(ACTION ITEM): Every line of the listing is returned unchanged, and every picture is dropped.

(Beginning of INFORMATION PROVIDED)

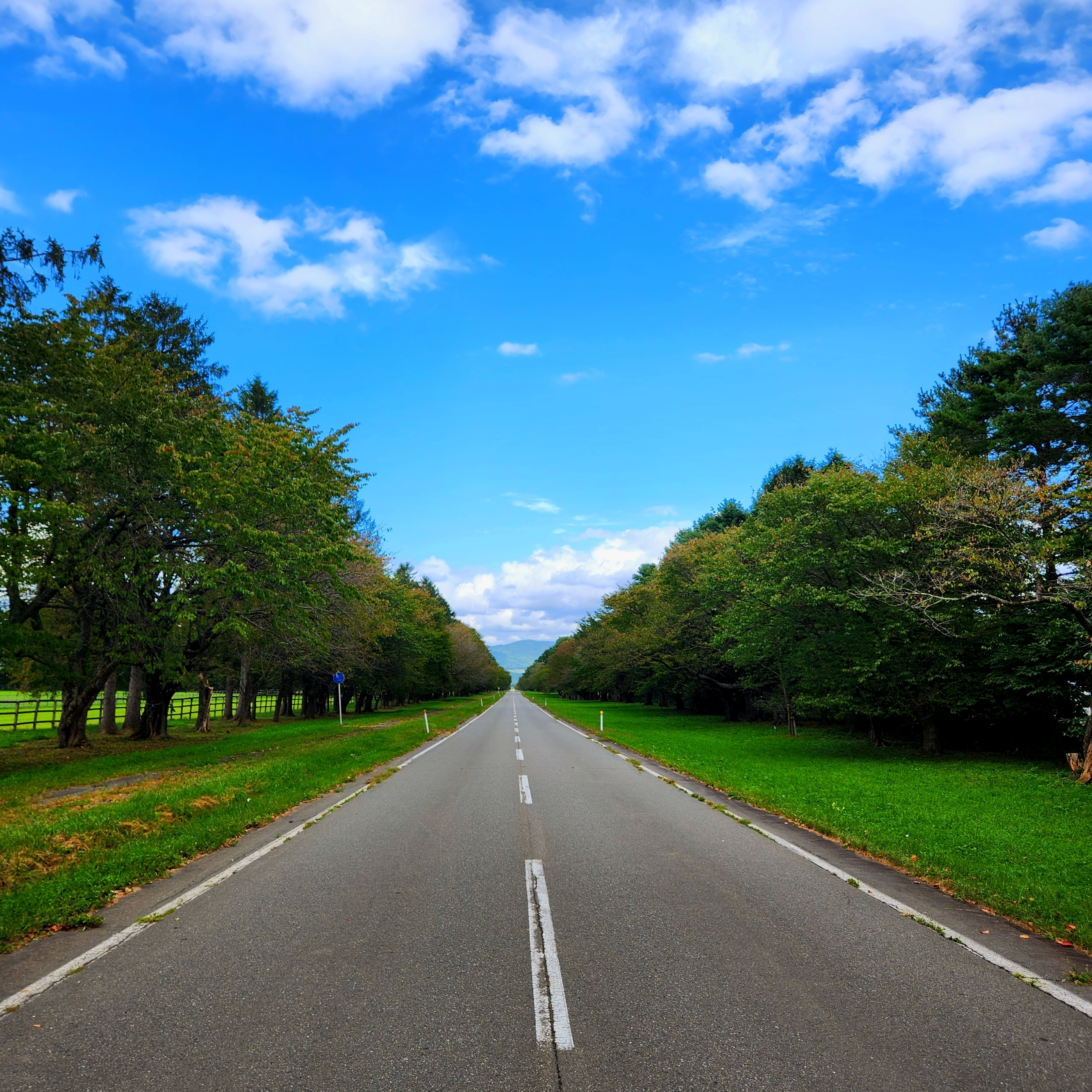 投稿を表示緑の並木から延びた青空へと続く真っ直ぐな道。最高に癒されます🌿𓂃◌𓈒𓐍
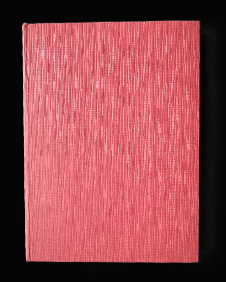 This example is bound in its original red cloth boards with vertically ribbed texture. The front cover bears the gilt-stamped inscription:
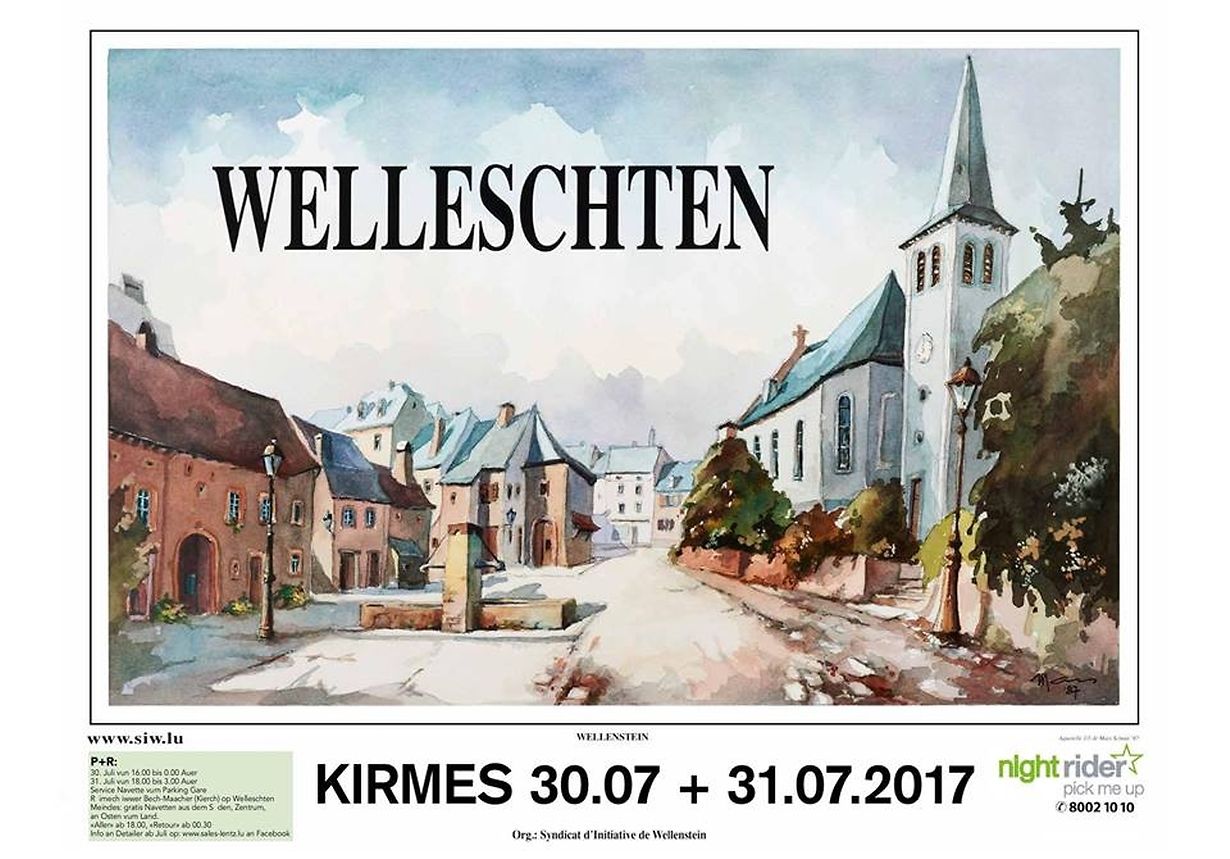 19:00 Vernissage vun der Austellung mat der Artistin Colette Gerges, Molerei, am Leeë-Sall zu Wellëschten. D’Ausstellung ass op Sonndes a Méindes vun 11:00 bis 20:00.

(End of INFORMATION PROVIDED)

(RESPONSE BELOW):
 投稿を表示緑の並木から延びた青空へと続く真っ直ぐな道。最高に癒されます🌿𓂃◌𓈒𓐍
 This example is bound in its original red cloth boards with vertically ribbed texture. The front cover bears the gilt-stamped inscription:
 19:00 Vernissage vun der Austellung mat der Artistin Colette Gerges, Molerei, am Leeë-Sall zu Wellëschten. D’Ausstellung ass op Sonndes a Méindes vun 11:00 bis 20:00.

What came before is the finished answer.